Dataset items:
+--

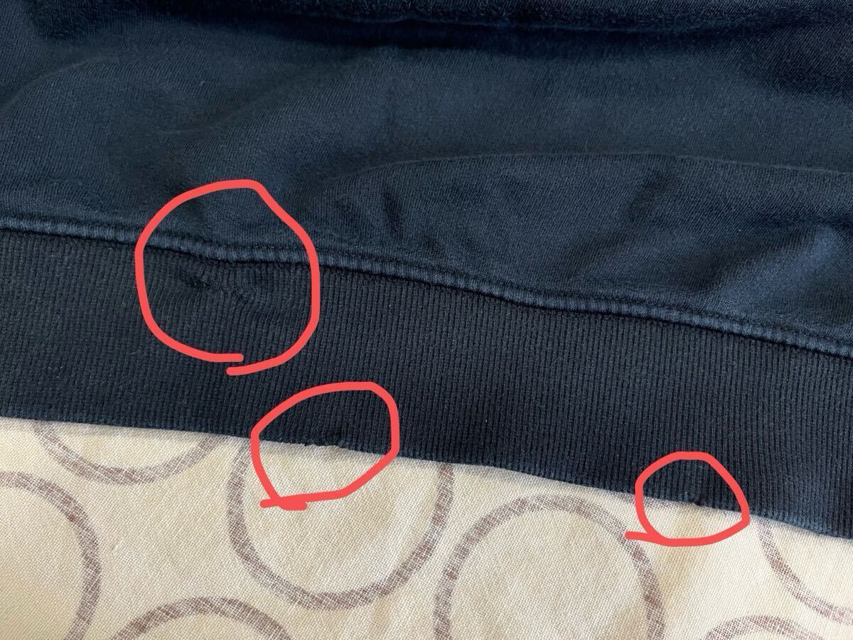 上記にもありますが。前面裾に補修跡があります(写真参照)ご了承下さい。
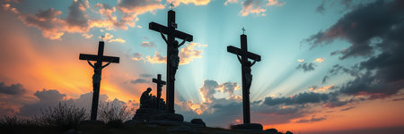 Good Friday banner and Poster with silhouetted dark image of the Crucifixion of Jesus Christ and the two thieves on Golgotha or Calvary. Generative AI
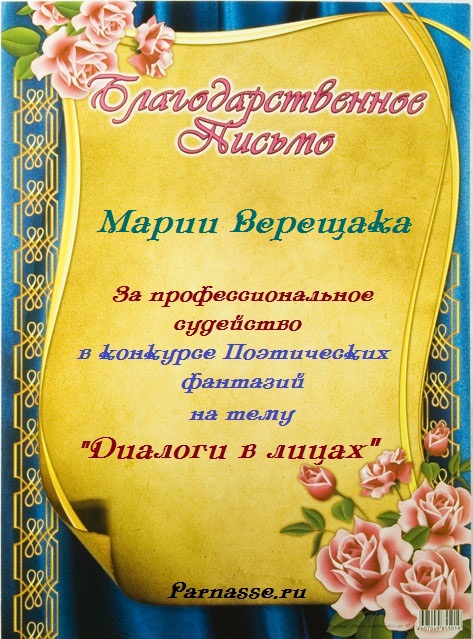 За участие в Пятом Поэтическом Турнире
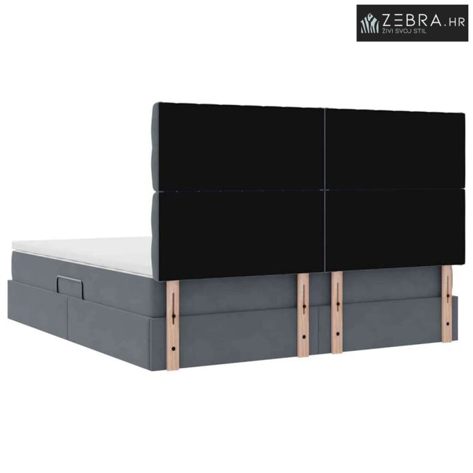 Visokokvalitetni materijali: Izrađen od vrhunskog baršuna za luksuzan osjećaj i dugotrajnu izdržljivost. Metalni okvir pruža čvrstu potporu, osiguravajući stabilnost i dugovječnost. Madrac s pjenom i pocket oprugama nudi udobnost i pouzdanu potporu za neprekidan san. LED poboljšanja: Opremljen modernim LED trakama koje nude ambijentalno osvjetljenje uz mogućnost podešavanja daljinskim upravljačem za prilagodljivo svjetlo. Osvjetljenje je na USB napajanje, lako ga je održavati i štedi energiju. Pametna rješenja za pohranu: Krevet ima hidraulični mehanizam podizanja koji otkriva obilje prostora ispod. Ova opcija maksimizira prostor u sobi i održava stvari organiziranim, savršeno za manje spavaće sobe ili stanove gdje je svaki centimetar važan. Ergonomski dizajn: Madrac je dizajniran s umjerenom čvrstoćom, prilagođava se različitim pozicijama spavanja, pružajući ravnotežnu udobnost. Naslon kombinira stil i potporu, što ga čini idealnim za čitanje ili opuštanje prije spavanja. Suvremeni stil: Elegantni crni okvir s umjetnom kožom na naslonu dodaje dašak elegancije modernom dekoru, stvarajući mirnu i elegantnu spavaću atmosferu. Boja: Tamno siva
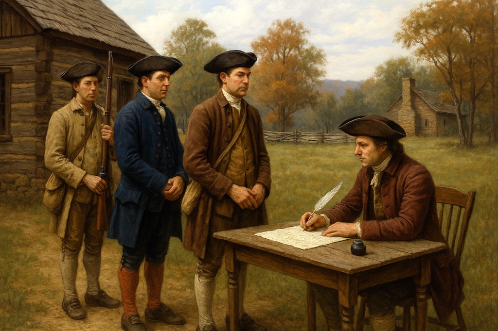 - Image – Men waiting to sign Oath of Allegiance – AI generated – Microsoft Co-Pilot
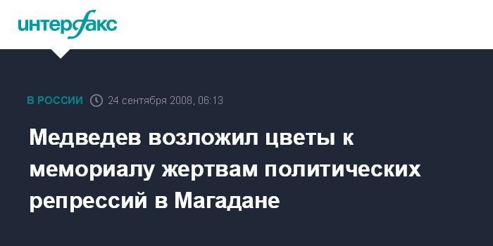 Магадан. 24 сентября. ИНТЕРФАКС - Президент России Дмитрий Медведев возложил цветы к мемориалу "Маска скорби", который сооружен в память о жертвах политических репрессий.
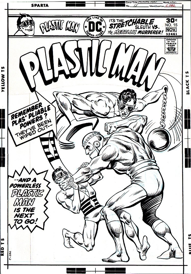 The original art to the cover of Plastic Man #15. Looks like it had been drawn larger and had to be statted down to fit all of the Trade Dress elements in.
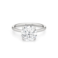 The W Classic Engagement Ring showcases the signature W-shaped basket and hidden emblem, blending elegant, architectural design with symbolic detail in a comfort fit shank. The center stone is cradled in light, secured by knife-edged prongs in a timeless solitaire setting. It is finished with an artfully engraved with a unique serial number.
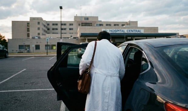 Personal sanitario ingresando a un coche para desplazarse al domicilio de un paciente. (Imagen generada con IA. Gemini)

+--

Every line above should be returned exactly; the pictures stay out.

=== Exercise response ===
 上記にもありますが。前面裾に補修跡があります(写真参照)ご了承下さい。
 Good Friday banner and Poster with silhouetted dark image of the Crucifixion of Jesus Christ and the two thieves on Golgotha or Calvary. Generative AI
 За участие в Пятом Поэтическом Турнире
 Visokokvalitetni materijali: Izrađen od vrhunskog baršuna za luksuzan osjećaj i dugotrajnu izdržljivost. Metalni okvir pruža čvrstu potporu, osiguravajući stabilnost i dugovječnost. Madrac s pjenom i pocket oprugama nudi udobnost i pouzdanu potporu za neprekidan san. LED poboljšanja: Opremljen modernim LED trakama koje nude ambijentalno osvjetljenje uz mogućnost podešavanja daljinskim upravljačem za prilagodljivo svjetlo. Osvjetljenje je na USB napajanje, lako ga je održavati i štedi energiju. Pametna rješenja za pohranu: Krevet ima hidraulični mehanizam podizanja koji otkriva obilje prostora ispod. Ova opcija maksimizira prostor u sobi i održava stvari organiziranim, savršeno za manje spavaće sobe ili stanove gdje je svaki centimetar važan. Ergonomski dizajn: Madrac je dizajniran s umjerenom čvrstoćom, prilagođava se različitim pozicijama spavanja, pružajući ravnotežnu udobnost. Naslon kombinira stil i potporu, što ga čini idealnim za čitanje ili opuštanje prije spavanja. Suvremeni stil: Elegantni crni okvir s umjetnom kožom na naslonu dodaje dašak elegancije modernom dekoru, stvarajući mirnu i elegantnu spavaću atmosferu. Boja: Tamno siva
 - Image – Men waiting to sign Oath of Allegiance – AI generated – Microsoft Co-Pilot
 Магадан. 24 сентября. ИНТЕРФАКС - Президент России Дмитрий Медведев возложил цветы к мемориалу "Маска скорби", который сооружен в память о жертвах политических репрессий.
 The original art to the cover of Plastic Man #15. Looks like it had been drawn larger and had to be statted down to fit all of the Trade Dress elements in.
 The W Classic Engagement Ring showcases the signature W-shaped basket and hidden emblem, blending elegant, architectural design with symbolic detail in a comfort fit shank. The center stone is cradled in light, secured by knife-edged prongs in a timeless solitaire setting. It is finished with an artfully engraved with a unique serial number.
 Personal sanitario ingresando a un coche para desplazarse al domicilio de un paciente. (Imagen generada con IA. Gemini)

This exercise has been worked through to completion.